Thursday, July 30, 2009

A MARY-FESTO by GUYS IN HEELS?


First Manifesto of the Guerilla Plastique Fantastique: ‘On Baroque Practice’
1 Activate immanence. Turn away from transcendent modes and points of organisation, especially religion and art, but also fashion, the mass media and other telematic standardisations. Refuse the priests and the police; affirm bottom-up formations and traitor prophets. Celebrate the ‘isness’ of all things. We call for a turn to matter, and a tracking of the latter’s singularities and creative potentialities. Practice is the utilisation of that which already is (what else is there?) but in the production of new and specifically different combinations. Always affirm the eternal return.
2 Harness affect. Practice is the foregrounding of the world’s intensive and affective properties. We are subject to the ambient affect of fear generated by others. We turn this fear-affect-assemblage back on itself, mimicking and bastardising their languages and their techniques. Affects as that which constitute the objects of our practice (1) and affect as that which is ‘communicated’ through the work of the practice (2). (1) The practice will involve the production of novel constellations of affects, away from opinion, away from habit, away from the clichés of so-called culture (the affective assemblages offered to us on a daily basis). (2) The practice will operate as a rupture in our overly anxious, paranoid and stratified habits of being (the practice will affirm new kinds of joy, and new kinds of becoming). This is an aesthetics. We affirm the necessity of style in this harnessing of affect.
3 Build probe heads. The practice is an experimental device aimed at dismantling the strata that binds us and constitutes us as ‘human’ (our habitual states of being and responding). Probe heads against faciality (we curse the white man). In this practice both figuration and abstraction will be used (we will release the abstract from within the figurative). We offer access to the imperceptible from which the perceptible emerges and merges. We offer access to the unthought within thought, the nonsense within sense. And on the other side of the white wall? New territories, new polyvocalities.
4 Actualise the virtual. We locate the practice at that ‘seeping edge’ between the actual and the virtual. We turn away from the real and the possible as ontological co-ordinates for art (i.e. the clergy and their disciples). We attend to the ‘matrix of emergence’, the great screen that allows some things to pass, others to remain hidden (i.e. capitalism). And thus our practice is also one of deactualisation (the practice asks: how can we ‘escape’ the actual that surrounds us?) Our practice involves a switching of temporal registers, a speeding up, moving faster than any transcendent apparatus of capture, and also, a times, a slowing down, a remaining still. We open a gap between stimulus and reaction (i.e. creativity). We affirm speed, but also slowness and hesitancy. We are involved in mirror-travel and in the production of crystal objects.

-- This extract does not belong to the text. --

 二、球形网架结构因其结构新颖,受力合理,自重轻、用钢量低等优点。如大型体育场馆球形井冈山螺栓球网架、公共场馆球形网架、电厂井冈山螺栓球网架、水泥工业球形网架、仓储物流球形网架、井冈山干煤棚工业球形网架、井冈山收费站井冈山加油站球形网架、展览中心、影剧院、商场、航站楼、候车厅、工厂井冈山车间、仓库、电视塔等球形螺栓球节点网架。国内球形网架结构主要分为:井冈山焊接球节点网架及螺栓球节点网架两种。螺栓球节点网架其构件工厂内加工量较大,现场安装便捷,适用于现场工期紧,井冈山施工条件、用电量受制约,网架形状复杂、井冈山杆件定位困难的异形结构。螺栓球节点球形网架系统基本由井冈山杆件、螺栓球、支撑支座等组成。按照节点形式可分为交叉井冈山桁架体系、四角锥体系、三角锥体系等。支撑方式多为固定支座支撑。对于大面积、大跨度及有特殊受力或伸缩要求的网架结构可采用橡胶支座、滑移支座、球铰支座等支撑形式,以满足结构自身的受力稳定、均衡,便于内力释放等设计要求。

5 Always stuttering, always stammering. Our practice is a collective enunciation, even when there is only one (we are always the group). Our practice is always linked to the larger political milieu (no oedipalisations and no nuclear families). Our practice as the general twisting, bending of a major language, a major tradition. The practice as centrifugal, reacting to, and attacking that which paradoxically produces the condition of possibility of the practice (parasitical function). The practice as centripetal, producing new forms and new modalities of being from within the same (germinal function). Always dissent and affirmation. Our practice is the precursor of that specifically immanent utopia to come, an exemplar of a new world that is already contained within this one. Our practice is a future fragment projected backwards in time. Stuttering and stammering we call forth the new clown-like people as the recipients of our practice. Take heed, for we are a sign, a warning.
6 Always folding. The inside as a fold of the outside (we howl with laughter at interiority and so-called ‘essence’). We hold that our practice is the production of new folds, new worlds arising from these folds, and new myths appropriate to these future worlds (we will use past forms and yesterday’s codes, but they will be made unrecognisable in their turn). The fold names our ontology, fractal and super-abundant (we believe in space and time travel conducted in the here and now). The fold names our processes of subjectivation, the relation we hold to ourselves, our capture of outside forces (everywhere we are subject to, but also subject producing). Our practice also affirms the ‘new’ folds of silicon with carbon, of the molecular, and of the secret fold at the heart of language – where language breaks free from meaning and cries like a wounded wolf.
Our practice is always one of ritual. We intend a performance that will allow those who dare participate to move from work time (utility) into sacred time (play). Our practice affirms transformation: we are concerned less with mundane consciousness than with cosmic consciousness. We believe in a baroque practice as the only appropriate response to these troubled and terror-stricken times.